INFORMATION SHOWN:

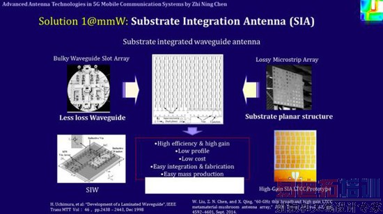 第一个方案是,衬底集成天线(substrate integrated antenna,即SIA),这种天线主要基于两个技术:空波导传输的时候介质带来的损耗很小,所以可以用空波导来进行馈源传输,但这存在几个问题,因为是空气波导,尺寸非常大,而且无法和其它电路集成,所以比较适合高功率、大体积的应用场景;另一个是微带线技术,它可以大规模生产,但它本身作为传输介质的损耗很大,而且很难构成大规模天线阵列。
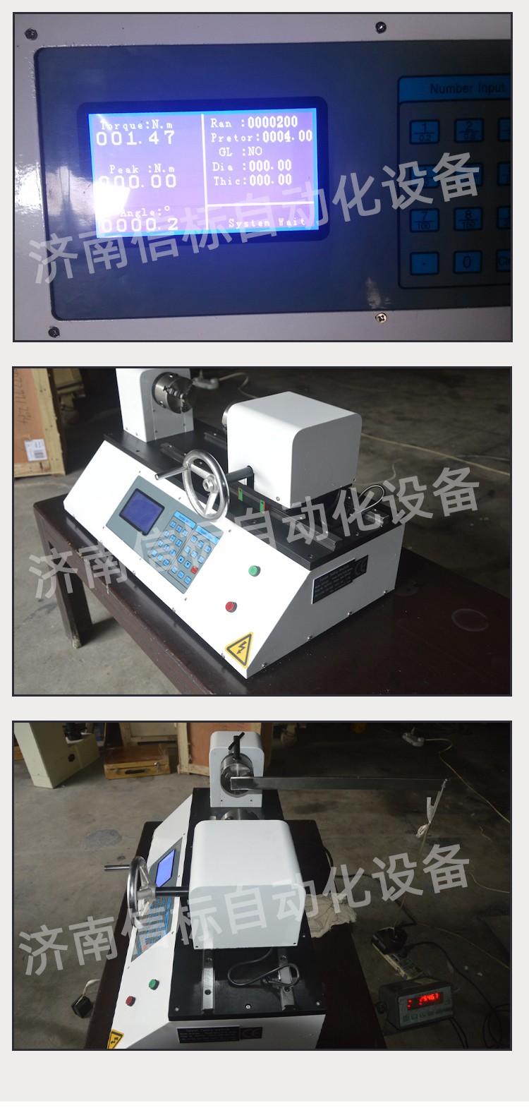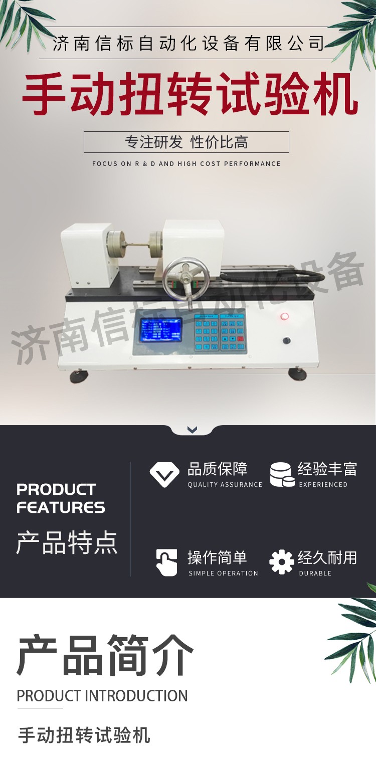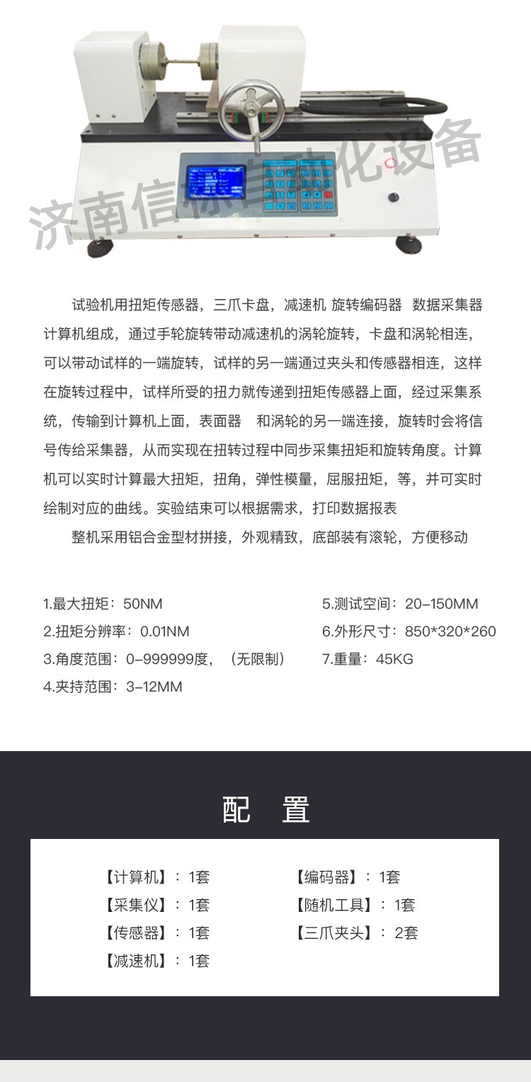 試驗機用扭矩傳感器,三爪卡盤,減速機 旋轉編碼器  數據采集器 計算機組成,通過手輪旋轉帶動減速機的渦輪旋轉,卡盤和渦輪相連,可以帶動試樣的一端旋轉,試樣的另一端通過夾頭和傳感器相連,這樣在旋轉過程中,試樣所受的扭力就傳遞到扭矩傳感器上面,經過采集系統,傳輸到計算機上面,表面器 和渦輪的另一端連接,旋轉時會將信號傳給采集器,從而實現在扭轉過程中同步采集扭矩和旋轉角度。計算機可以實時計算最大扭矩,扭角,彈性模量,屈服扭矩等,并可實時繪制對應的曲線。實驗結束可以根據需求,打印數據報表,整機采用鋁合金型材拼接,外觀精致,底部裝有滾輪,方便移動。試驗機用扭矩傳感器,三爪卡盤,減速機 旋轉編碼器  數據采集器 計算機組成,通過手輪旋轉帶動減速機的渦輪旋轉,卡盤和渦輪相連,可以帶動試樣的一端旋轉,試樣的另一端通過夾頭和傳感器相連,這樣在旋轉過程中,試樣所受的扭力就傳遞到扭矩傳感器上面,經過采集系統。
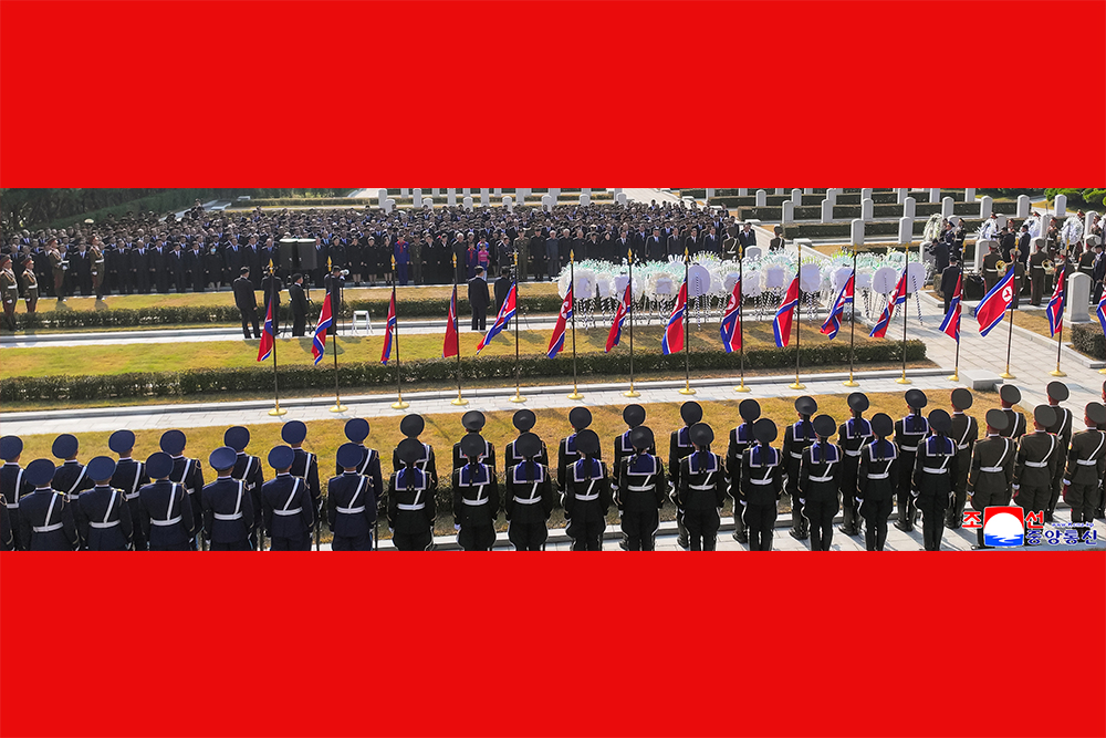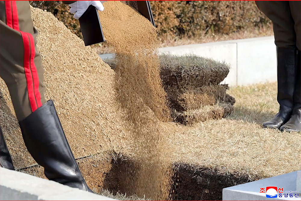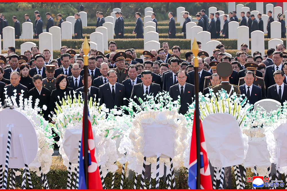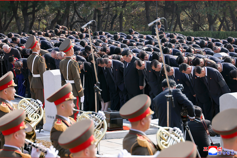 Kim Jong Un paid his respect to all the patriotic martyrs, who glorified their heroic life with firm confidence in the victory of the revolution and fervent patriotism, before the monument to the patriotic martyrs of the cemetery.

WHAT YOU HAVE TO DO:
Would you output the full listing exactly as it stands, minus the images?

ANSWER SPACE:
 第一个方案是,衬底集成天线(substrate integrated antenna,即SIA),这种天线主要基于两个技术:空波导传输的时候介质带来的损耗很小,所以可以用空波导来进行馈源传输,但这存在几个问题,因为是空气波导,尺寸非常大,而且无法和其它电路集成,所以比较适合高功率、大体积的应用场景;另一个是微带线技术,它可以大规模生产,但它本身作为传输介质的损耗很大,而且很难构成大规模天线阵列。
 試驗機用扭矩傳感器,三爪卡盤,減速機 旋轉編碼器  數據采集器 計算機組成,通過手輪旋轉帶動減速機的渦輪旋轉,卡盤和渦輪相連,可以帶動試樣的一端旋轉,試樣的另一端通過夾頭和傳感器相連,這樣在旋轉過程中,試樣所受的扭力就傳遞到扭矩傳感器上面,經過采集系統,傳輸到計算機上面,表面器 和渦輪的另一端連接,旋轉時會將信號傳給采集器,從而實現在扭轉過程中同步采集扭矩和旋轉角度。計算機可以實時計算最大扭矩,扭角,彈性模量,屈服扭矩等,并可實時繪制對應的曲線。實驗結束可以根據需求,打印數據報表,整機采用鋁合金型材拼接,外觀精致,底部裝有滾輪,方便移動。試驗機用扭矩傳感器,三爪卡盤,減速機 旋轉編碼器  數據采集器 計算機組成,通過手輪旋轉帶動減速機的渦輪旋轉,卡盤和渦輪相連,可以帶動試樣的一端旋轉,試樣的另一端通過夾頭和傳感器相連,這樣在旋轉過程中,試樣所受的扭力就傳遞到扭矩傳感器上面,經過采集系統。
 Kim Jong Un paid his respect to all the patriotic martyrs, who glorified their heroic life with firm confidence in the victory of the revolution and fervent patriotism, before the monument to the patriotic martyrs of the cemetery.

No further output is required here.